In 2005, Kim Chang Ho and Lee Hylin made a traverse of Nanga Parbat. They repeated the Messner route on the Rupal Face - and came down the normal route to Gnaro's BC. That's where Silvio snapped this image of Mr Lee. Photo courtesy of Silvio Mondinelli.


Nanga Parbat SUMMIT - Korean Traverse and 9 summits on the normal route

Posted: Jul 15, 2005 03:53 pm EDT
Summits at last. Silvio Mondinelli reported over sat phone this morning to Idel that the 2 Korean climbers, Lee Hylin, 34, and Kim Chang, 39 made a traverse of Nanga Parbat!

In fact, the guys repeated the Messner route on the Rupal Face - and came down to Gnaro's BC. That's where Silvio shot this image of Mr Lee. (The other 2 climbers stopped at camp 4 to rest).

9 on the normal route, 14 total

In addition, the other 6 Japanese climbers, the French girl, Sandrine de Choudens, her boyfriend Spaniard Jorge Egocheaga, and another French climber also made the summit today on the normal route that Gnaro will attempt next week!

The total number of summits on Nanga Parbat this season is now 14. Earlier there were three summits by a Czech, Swiss and Pakistan climber on the normal route. There has not yet been other summits above 8000 meters in Pakistan this summer.

The first repetition of the Messner route

The Koreans did the first repetition of the route set by Reinhold Messner and his brother Günther on June 27, 1970. The climb was one of the boldest feats in mountaineering history, the brothers made the first ascent of the Rupal Face -- the worlds highest rock wall -- and reached the summit of Nanga Parbat. It was their first attempt on an 8,000m peak. It would also be Günthers last.

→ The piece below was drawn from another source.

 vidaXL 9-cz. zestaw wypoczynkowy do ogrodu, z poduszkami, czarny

The descent, Günther goes missing

In Reinholds account, it was a combination of the weather, the hour, Günther's exhaustion, and having no ropes to descend back down the wall safely, that led the brothers to opt for descent down the less steep, but unknown Diamir face on the west side of the mountain. In a grueling two days that left both near total collapse, Reinhold went ahead to scout a route through the crevasses. He returned for Günther, only to find his brother had disappeared under an avalanche. Günther was never seen again.

Hunted souls

Over the years, Reinhold has returned to Nanga Parbat five times to look for signs of his brother, and put to rest the question of his credibility, raised in recent years by fellow expedition members from the 1970 expedition alledging that Messner abandoned Gunther for his own ambition and concocted the avalanche story to hide his guilt. Rubbish, says Reinhold, who believes they are motivated by opportunism, money and, in von Keinlins case, vindictiveness (von Keinlins wife left him to marry Messner.)

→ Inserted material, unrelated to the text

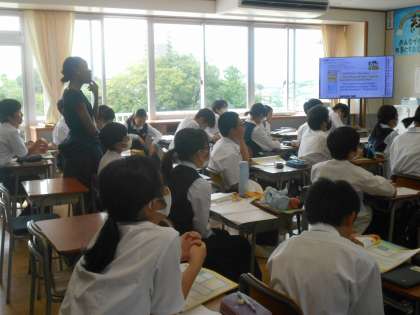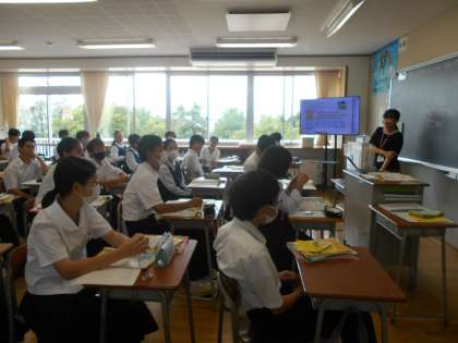 英語の授業では、自分の好きなことについて、どこで、いつ、どのようなといった情報をプラスして伝得ることに、取り組みました。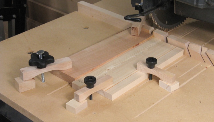Like the one on the right side of the photo, these are simple hold-downs consisting of a screw threaded into the saw table along with a wooden toggle that gets tightened down with a threaded knob.

Silvio Mondinelli, currently in Nanga Parbat BC, paved the way for climbers on the north side of Annapurna this spring, fixing the route and setting all camps, only to be turned back and finally; watch Christian Kuntner die. Born in Gardone (Italy) in 1958, he has done major climbs all over the world, including nine 8000ers: Manaslu, Cho Oyu, Everest, GI, GII, Dhaulagiri, Makalu, Kangchenjunga and K2, plus Shisha Pangmas central summit.